Data excerpts:

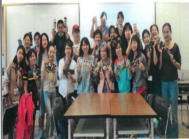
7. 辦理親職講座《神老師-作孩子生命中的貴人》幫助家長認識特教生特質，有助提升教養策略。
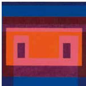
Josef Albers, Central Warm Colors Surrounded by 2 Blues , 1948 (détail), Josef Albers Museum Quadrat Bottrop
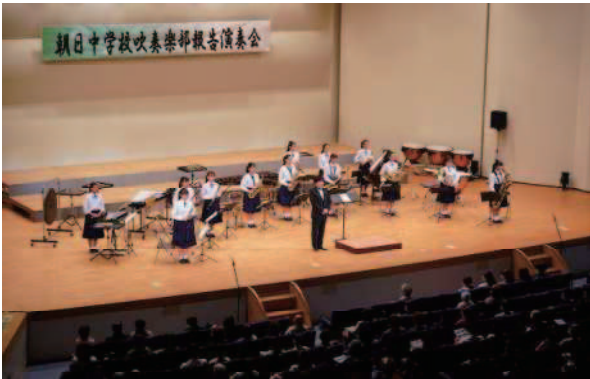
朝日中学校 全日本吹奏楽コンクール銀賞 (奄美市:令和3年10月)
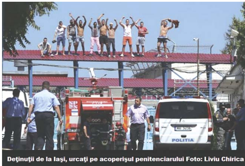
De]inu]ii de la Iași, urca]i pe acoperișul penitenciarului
* * *
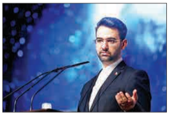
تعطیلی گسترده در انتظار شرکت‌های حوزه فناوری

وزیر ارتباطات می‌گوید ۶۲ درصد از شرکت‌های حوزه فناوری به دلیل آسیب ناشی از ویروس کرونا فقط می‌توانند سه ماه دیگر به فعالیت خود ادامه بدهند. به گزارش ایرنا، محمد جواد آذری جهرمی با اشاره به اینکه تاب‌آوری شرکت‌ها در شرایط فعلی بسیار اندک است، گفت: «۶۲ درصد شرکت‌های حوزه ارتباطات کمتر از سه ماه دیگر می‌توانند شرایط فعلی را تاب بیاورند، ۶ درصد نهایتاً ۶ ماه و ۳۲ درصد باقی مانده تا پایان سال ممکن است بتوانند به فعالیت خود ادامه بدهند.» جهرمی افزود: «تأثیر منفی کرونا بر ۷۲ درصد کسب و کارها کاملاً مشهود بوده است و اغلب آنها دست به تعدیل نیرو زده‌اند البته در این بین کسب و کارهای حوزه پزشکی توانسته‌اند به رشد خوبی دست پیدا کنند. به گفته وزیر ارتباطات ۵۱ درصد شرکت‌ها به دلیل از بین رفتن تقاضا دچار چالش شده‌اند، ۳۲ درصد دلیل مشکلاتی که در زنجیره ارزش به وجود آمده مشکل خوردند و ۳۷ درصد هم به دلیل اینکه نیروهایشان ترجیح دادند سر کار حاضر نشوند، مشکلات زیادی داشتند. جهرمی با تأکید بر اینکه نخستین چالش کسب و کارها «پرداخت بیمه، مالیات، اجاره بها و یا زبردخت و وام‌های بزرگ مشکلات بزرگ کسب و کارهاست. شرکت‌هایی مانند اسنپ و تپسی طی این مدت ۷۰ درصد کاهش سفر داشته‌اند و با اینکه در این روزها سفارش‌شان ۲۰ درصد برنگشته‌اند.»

Work required:
Set the pictures aside and transcribe exactly the stretch of lines above, beginning with the one holding "7. 辦理親職講座《神老師-作孩子生命中" and ending with the one holding "De]inu]ii de la".

Answer area:
7. 辦理親職講座《神老師-作孩子生命中的貴人》幫助家長認識特教生特質，有助提升教養策略。
Josef Albers, Central Warm Colors Surrounded by 2 Blues , 1948 (détail), Josef Albers Museum Quadrat Bottrop
朝日中学校 全日本吹奏楽コンクール銀賞 (奄美市:令和3年10月)
De]inu]ii de la Iași, urca]i pe acoperișul penitenciarului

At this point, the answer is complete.